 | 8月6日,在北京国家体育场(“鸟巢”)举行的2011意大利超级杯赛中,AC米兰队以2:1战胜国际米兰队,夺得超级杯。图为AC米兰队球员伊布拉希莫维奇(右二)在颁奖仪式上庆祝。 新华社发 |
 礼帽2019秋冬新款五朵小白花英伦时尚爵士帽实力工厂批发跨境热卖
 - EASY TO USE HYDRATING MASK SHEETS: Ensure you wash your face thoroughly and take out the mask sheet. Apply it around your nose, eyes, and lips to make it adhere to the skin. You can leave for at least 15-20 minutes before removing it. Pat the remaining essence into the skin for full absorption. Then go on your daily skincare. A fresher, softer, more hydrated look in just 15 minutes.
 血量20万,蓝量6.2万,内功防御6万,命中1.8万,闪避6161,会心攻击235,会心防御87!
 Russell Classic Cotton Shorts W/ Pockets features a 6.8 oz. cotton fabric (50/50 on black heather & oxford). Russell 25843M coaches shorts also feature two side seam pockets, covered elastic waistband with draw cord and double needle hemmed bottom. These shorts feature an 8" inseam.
...
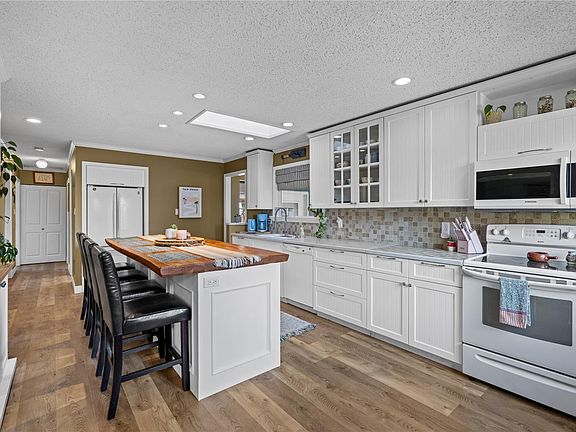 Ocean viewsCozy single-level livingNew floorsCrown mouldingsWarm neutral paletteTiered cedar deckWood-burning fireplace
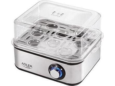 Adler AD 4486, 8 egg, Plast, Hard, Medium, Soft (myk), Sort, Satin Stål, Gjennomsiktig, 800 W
...
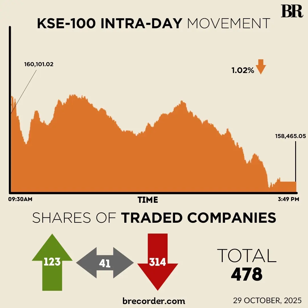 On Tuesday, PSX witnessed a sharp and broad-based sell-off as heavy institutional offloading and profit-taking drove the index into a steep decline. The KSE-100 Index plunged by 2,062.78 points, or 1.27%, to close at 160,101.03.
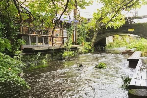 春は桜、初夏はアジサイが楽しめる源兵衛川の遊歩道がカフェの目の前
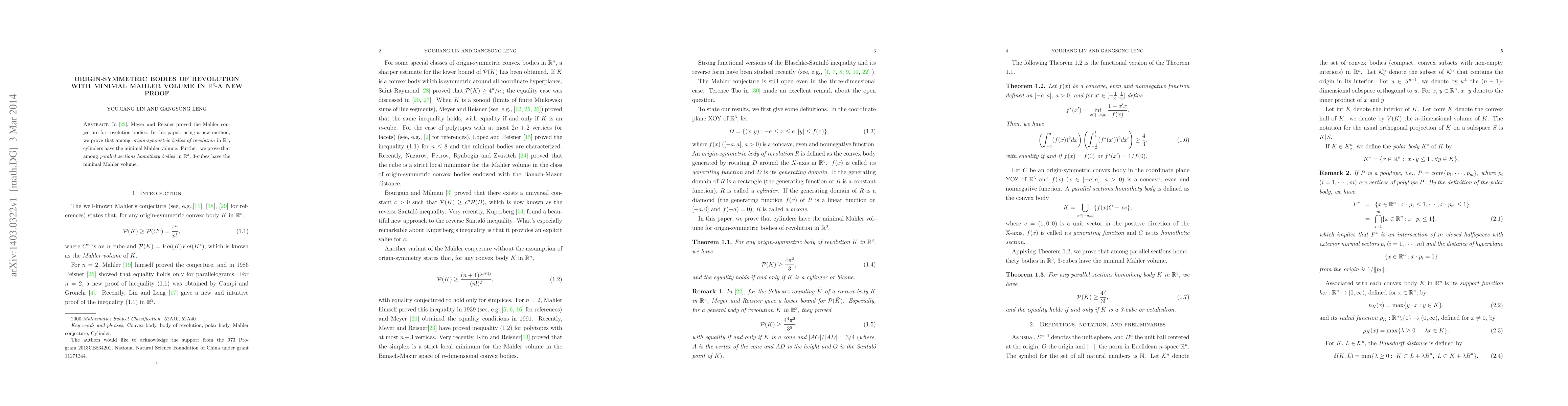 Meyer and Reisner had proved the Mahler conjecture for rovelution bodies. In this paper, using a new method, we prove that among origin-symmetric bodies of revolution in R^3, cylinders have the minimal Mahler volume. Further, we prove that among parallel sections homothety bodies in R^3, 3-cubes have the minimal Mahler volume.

▶ EXERCISE GOAL: Leaving out all pictures, set down exactly the lines of the material above, from the line with "Ocean viewsCozy single-level" to the line with "Adler AD 4486, 8" inclusive, and no others.

▶ ANSWER SPACE:
 Ocean viewsCozy single-level livingNew floorsCrown mouldingsWarm neutral paletteTiered cedar deckWood-burning fireplace
 Adler AD 4486, 8 egg, Plast, Hard, Medium, Soft (myk), Sort, Satin Stål, Gjennomsiktig, 800 W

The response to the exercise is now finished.